◆ WHAT THIS TASK INVOLVES: From the records below, set down exactly the lines starting with the line that contains "홍준표 대구시장이 지난" and going on through the line that contains "2022年至2024年及20". Nothing else is wanted.

◆ RECORDS FOR THIS EXERCISE:
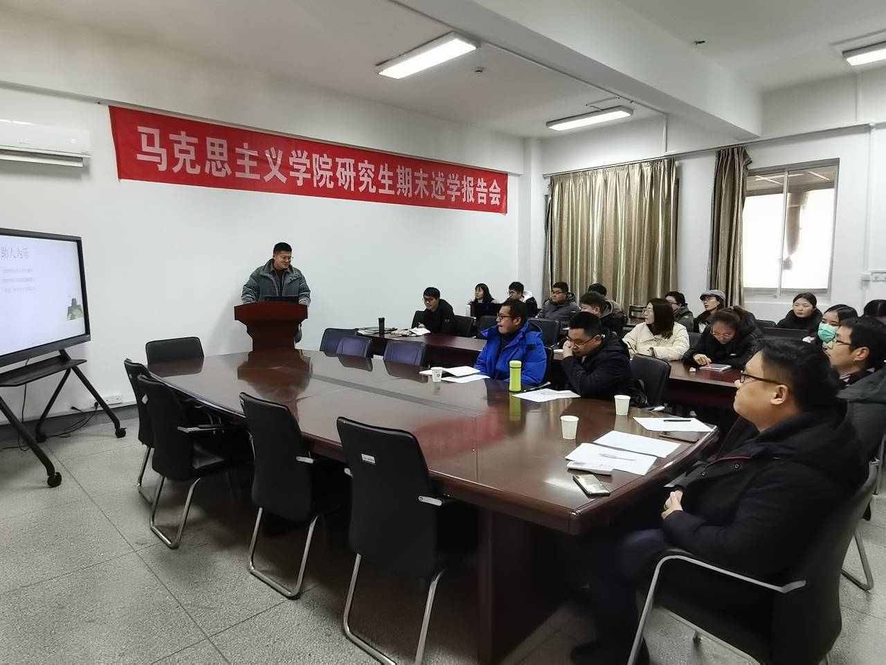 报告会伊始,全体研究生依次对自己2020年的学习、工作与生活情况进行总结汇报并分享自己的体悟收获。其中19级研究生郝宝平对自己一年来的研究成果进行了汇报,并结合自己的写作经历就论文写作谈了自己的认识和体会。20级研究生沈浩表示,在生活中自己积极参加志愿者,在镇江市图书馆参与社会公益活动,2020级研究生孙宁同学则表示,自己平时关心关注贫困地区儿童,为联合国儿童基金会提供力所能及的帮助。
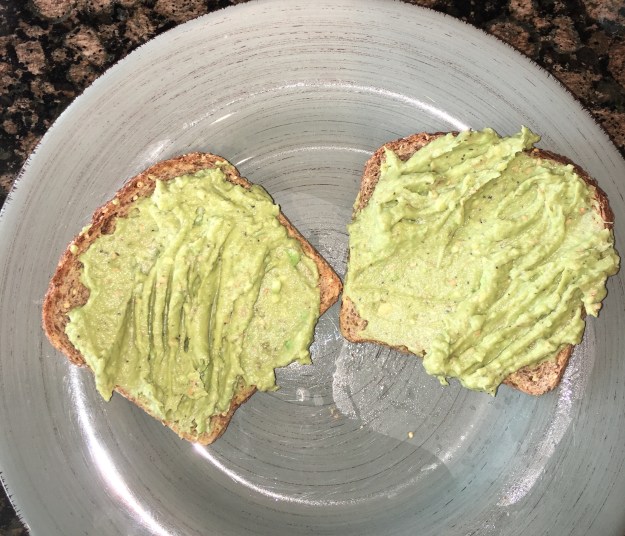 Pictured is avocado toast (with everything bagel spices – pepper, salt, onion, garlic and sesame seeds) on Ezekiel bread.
==
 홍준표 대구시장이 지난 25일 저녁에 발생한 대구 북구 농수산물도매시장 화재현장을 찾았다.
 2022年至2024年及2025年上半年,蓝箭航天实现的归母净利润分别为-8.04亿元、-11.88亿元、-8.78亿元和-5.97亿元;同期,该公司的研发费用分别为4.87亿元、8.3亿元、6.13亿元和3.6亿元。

◆ RESULT:
 홍준표 대구시장이 지난 25일 저녁에 발생한 대구 북구 농수산물도매시장 화재현장을 찾았다.
 2022年至2024年及2025年上半年,蓝箭航天实现的归母净利润分别为-8.04亿元、-11.88亿元、-8.78亿元和-5.97亿元;同期,该公司的研发费用分别为4.87亿元、8.3亿元、6.13亿元和3.6亿元。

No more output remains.